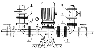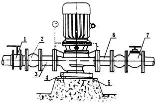 1.進口閥門 2.柔性接頭3.直管4.聯接板 5.隔振墊 6.直管 7.出口閥門 |
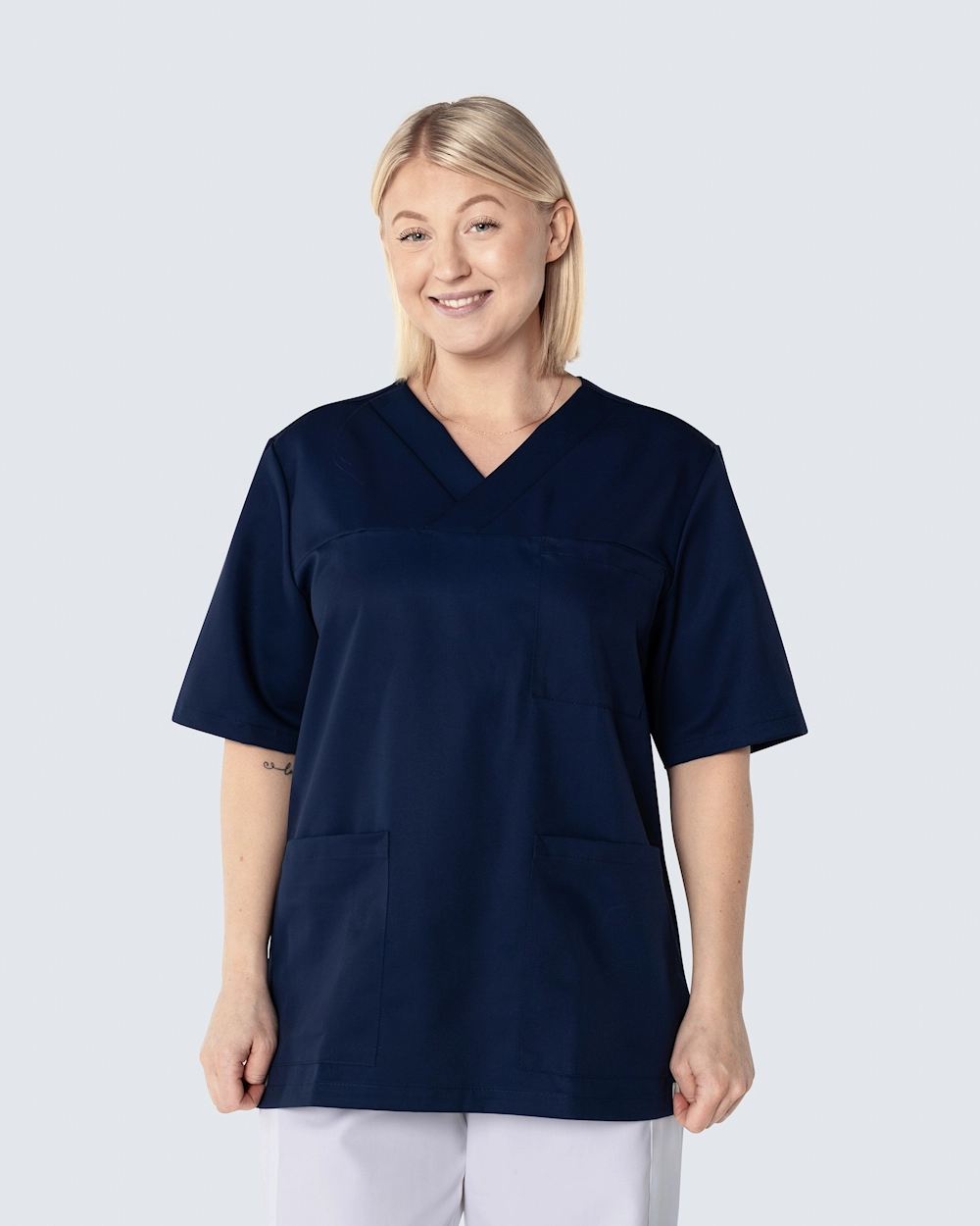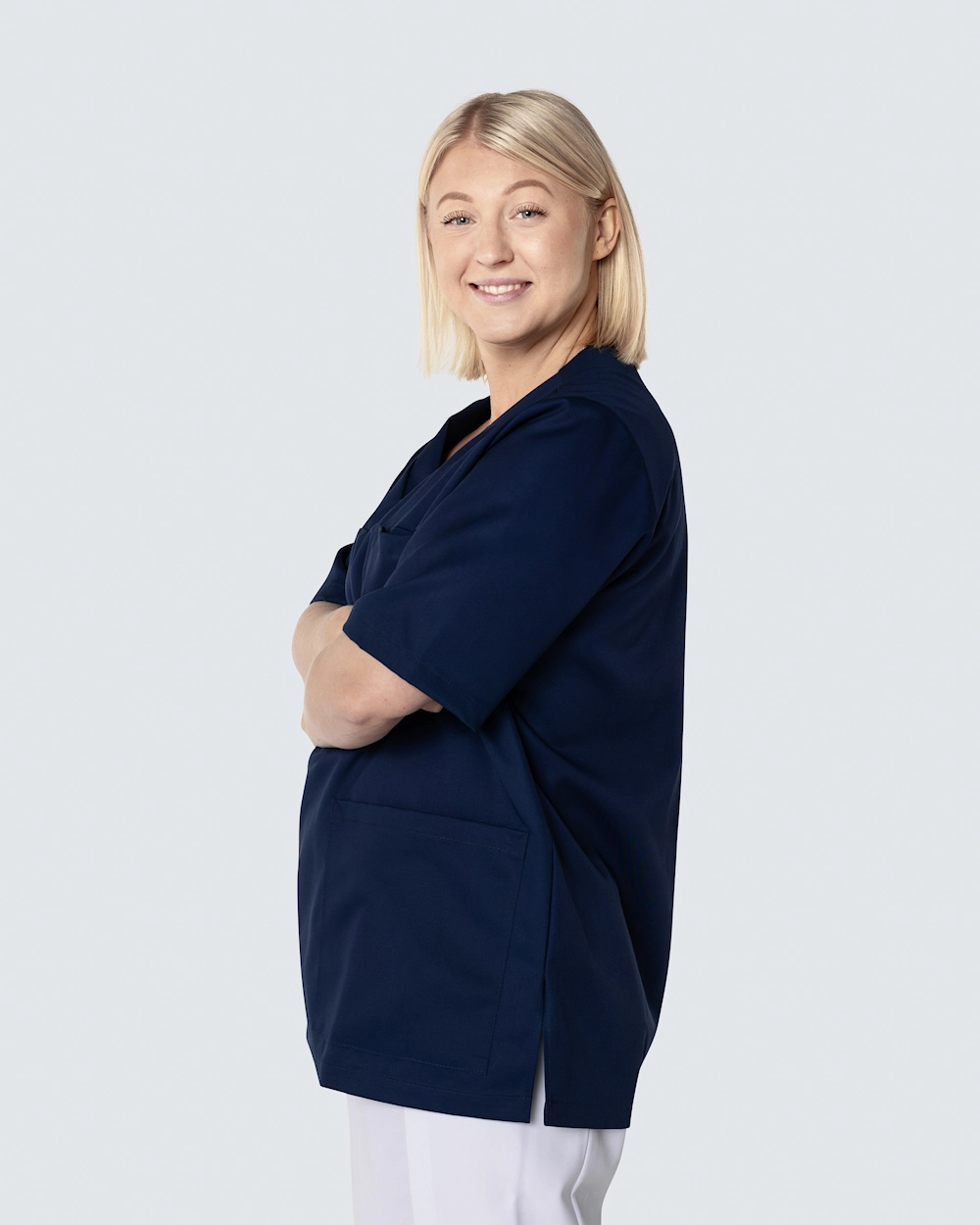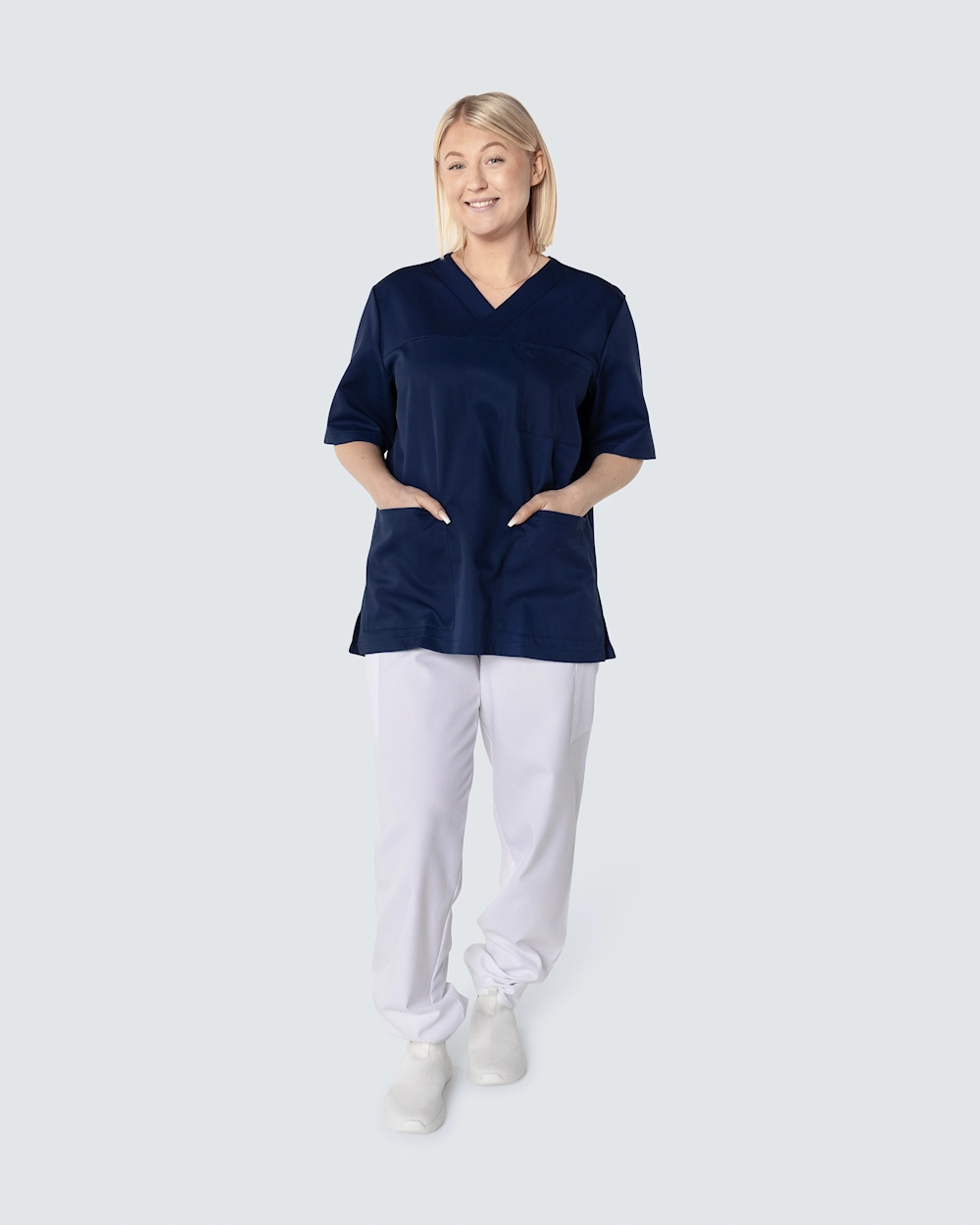 Bussarong i unisexmodell med avslappnad, rymlig passform och sportigt utseende. Plagget har en generös längd och slitsar i sidorna för optimal rörelsefrihet. Bröstficka och två rymliga höftfickor, varav en har mindre innerficka för exempelvis mobiltelefon eller mindre hjälpmedel. Bussarongen har hög andningsförmåga och är tillverkad i slitstark och temperaturreglerande Tencel, ett material som sitter behagligt mot kroppen.
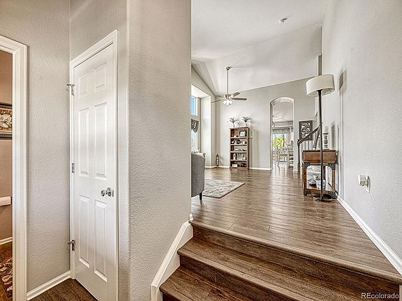The living room is a bright and vibrant space with high vaulted ceilings, scratch resistant wood like floors, and a ceiling fan that adds a touch of whimsy. The large great room has a gas fireplace perfect for those Colorado winters. The eat-in kitchen is a chef's delight, with stainless steel appliances, quartz countertops, and a vaulted ceiling that makes cooking a breeze.
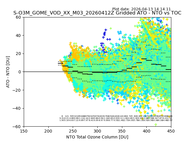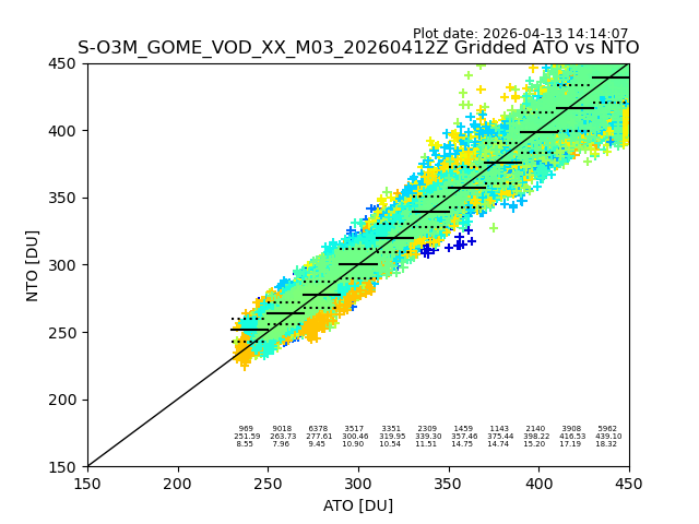 Using these forecast fields, the actual measured NTO/O3 from T=0 to T+24h can be compared. The comparison can be between each individual NTO/O3 retrieval and the ATO value in the associated grid box, or between 'pre-gridded' NTO/O3 values and the ATO value. Both these comparisons are given.
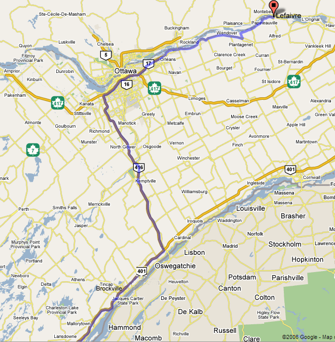- Prenez l’autoroute 40 et dirigez vous en direction d’Ottawa par la 417.
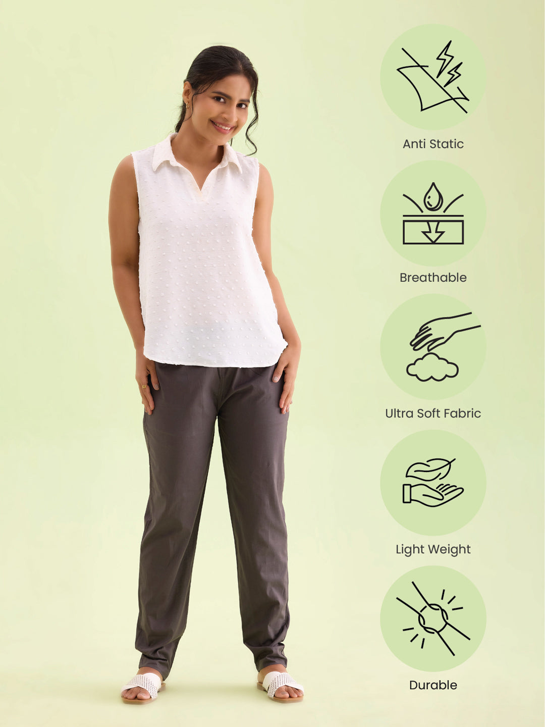 Go from casual to street smart look in a jiffy with the Solid Silver Grey Cotton Pants. Made from cotton, it has a elasticised waistband with drawstring closure, slant pockets, mid rise & a tapered fit.
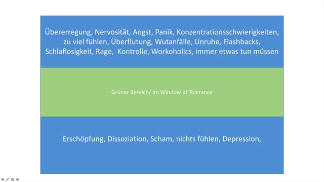 So zirkeln Leute vom oberen in den unteren Bereich und wieder zurück, aber eigentlich geht es immer um das Gleiche, nämlich darum, dass die Selbstregulationsfähigkeit nicht vorhanden ist. Wenn wir diese erhöhen, kann es sein, dass das Window of Tolerance auf einmal größer wird und gewisse Ausschläge den Normalbereich nicht mehr verlassen, sich die Wahrnehmung von Erlebnissen völlig verändert und diese plötzlich regulierbar sind.
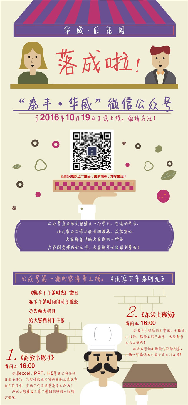 自2016年10月起,伴著下午茶的供應,人資行政部還推出了給大腦補充能量的“下午茶”——《悅享下午茶時光》微刊,每周三、周五下午4點,通過內(nèi)部微信公眾號跟大家分享各種搜羅而來的辦公軟件操作技巧、職場文章,幾分鐘時間,給大腦迅速充電。
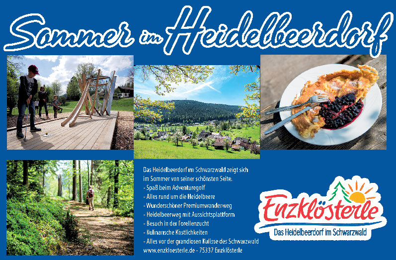 Eingebettet zwischen saftigen Wiesen, grünen Tannenwäldern, direkt am Rande des größten Hochmoor-Naturschutzgebietes Deutschlands, liegt das Heidelbeerdörfchen Enzklösterle. Die ruhige Lage inmitten des nördlichen Schwarzwaldes lädt zu einer entspannten Auszeit und bietet den idealen Rahmen für ein Dorf-Urlaubs-Erlebnis. Der idyllische Luftkurort bietet jede Menge Möglichkeiten für einen ereignisreichen oder entspannten Urlaub. Ob Minigolf im Adventure Golfpark, Wanderungen über den Genießerpfad Heidelbeerweg oder über den Urwalderlebnispfad Bärlochkar, Höhenerlebnis im Waldklettergarten oder ein Besuch des Schaufloßes im Kurpark. Das Thema Heidelbeere ist ganzjährig präsent, nicht nur weil der zwölf Kilometer lange, premiumzertifizierte Heidelbeerweg rund um das Dorf führt. pm
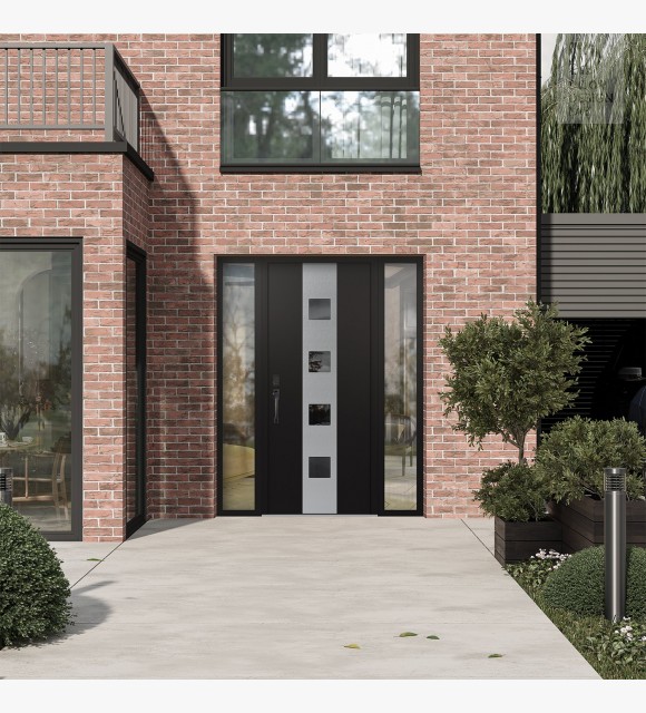 The double-chamber glazing combined with polystyrene insulation reduces heat loss by 40-50% compared to conventional exterior doors:
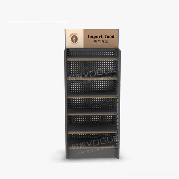 【描述】此款便利店貨架是時尚貨架為便利店食品展示區設計生產的一款洞洞板樣式的便利店單面貨架。該貨架采用優質冷軋鋼,采用先進的一體成型工藝制作,全程無焊點,承重力強,質量可靠。采用組合式設計、托壁可以直接卡在立柱上,安裝方便、造型簡約,經久耐用,是一款非常適合社區便利店使用的便利店貨架。此款孔背板端頭架可以和孔背板雙面貨架組合成一套便利店孔背板中島貨架。
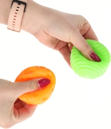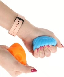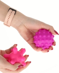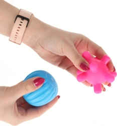 Piłeczki nadają się do zabawy na sucho i w wodzie. Faktury sprawdzają się przy delikatnym masażu dłoni i stóp, przynosząc ukojenie.
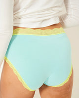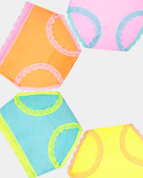 High Rise Knicker Four Pack in Neon Candy print finished with lace trim, packaged with love in a gift box.
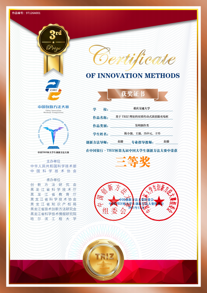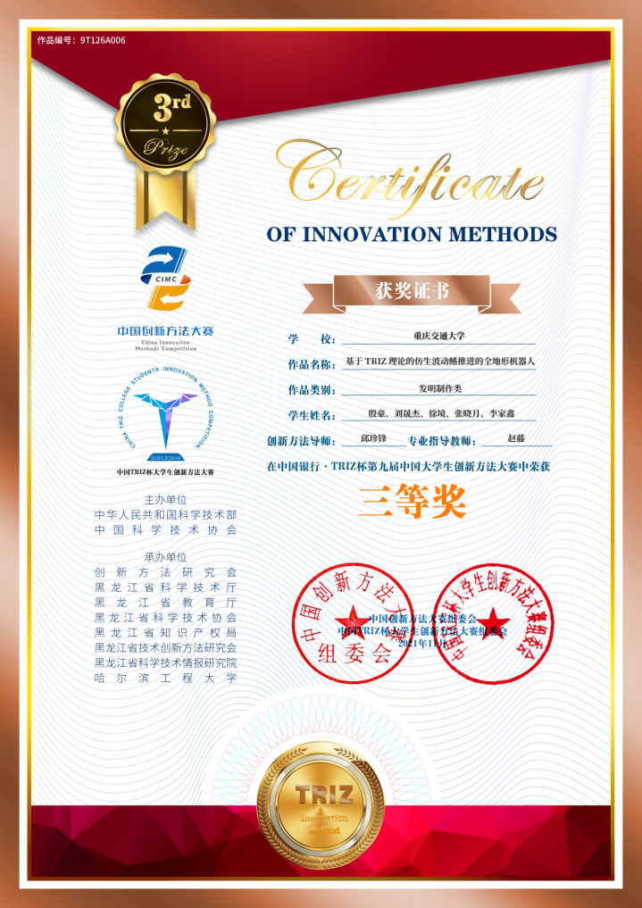由于疫情影响,赛制发生了较大变化,公司高度重视本次比赛,在第三届重庆市创新方法获奖作品中优选16项作品推荐参加国赛,选派优秀指导教师对参赛队员进行集中培训、重点答疑,从选题到解题再到实物制作进行全程跟踪指导。经过激烈角逐,最终公司赵藤、赵珂、邱珍锋老师指导的《基于TRIZ理论的双重传动式波浪能充电桩》、《基于TRIZ理论的隧道照明智能控制系统》、《基于TRIZ理论的仿生波动鳍推进的全地形机器人》3项作品分别获得三等奖。
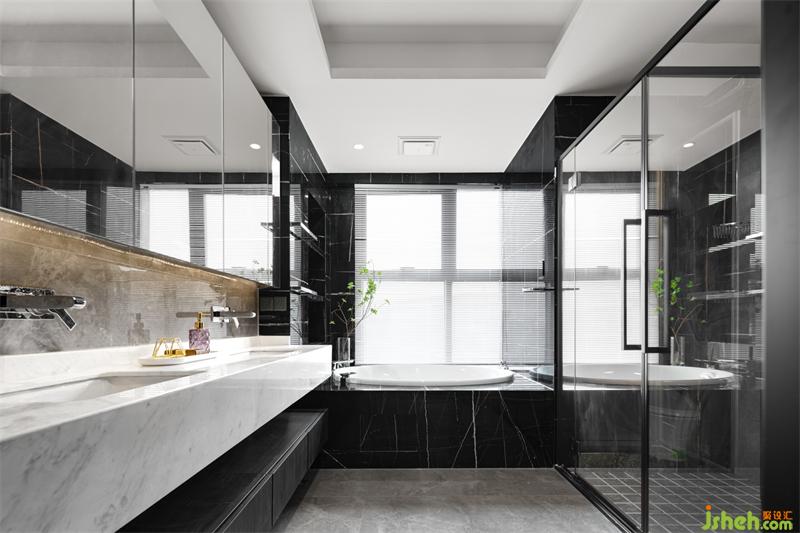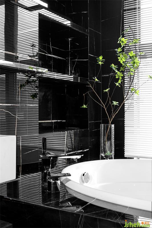 衛(wèi)浴間墻面選用亮面黑色瓷磚,沉穩(wěn)不失優(yōu)雅大氣。窗邊潔白的浴缸,當(dāng)黑白的經(jīng)典搭配,融入現(xiàn)代生活的精致與優(yōu)雅,不浮躁,亦不平庸。
·····
◆ What this task involves
Your reply should contain only an exact copy of the lines from the beginning of the material through the line with "Bussarong i unisexmodell", both ends included, with the pictures removed.

◆ Task answer
 1.進口閥門 2.柔性接頭3.直管4.聯接板 5.隔振墊 6.直管 7.出口閥門 |
 Bussarong i unisexmodell med avslappnad, rymlig passform och sportigt utseende. Plagget har en generös längd och slitsar i sidorna för optimal rörelsefrihet. Bröstficka och två rymliga höftfickor, varav en har mindre innerficka för exempelvis mobiltelefon eller mindre hjälpmedel. Bussarongen har hög andningsförmåga och är tillverkad i slitstark och temperaturreglerande Tencel, ett material som sitter behagligt mot kroppen.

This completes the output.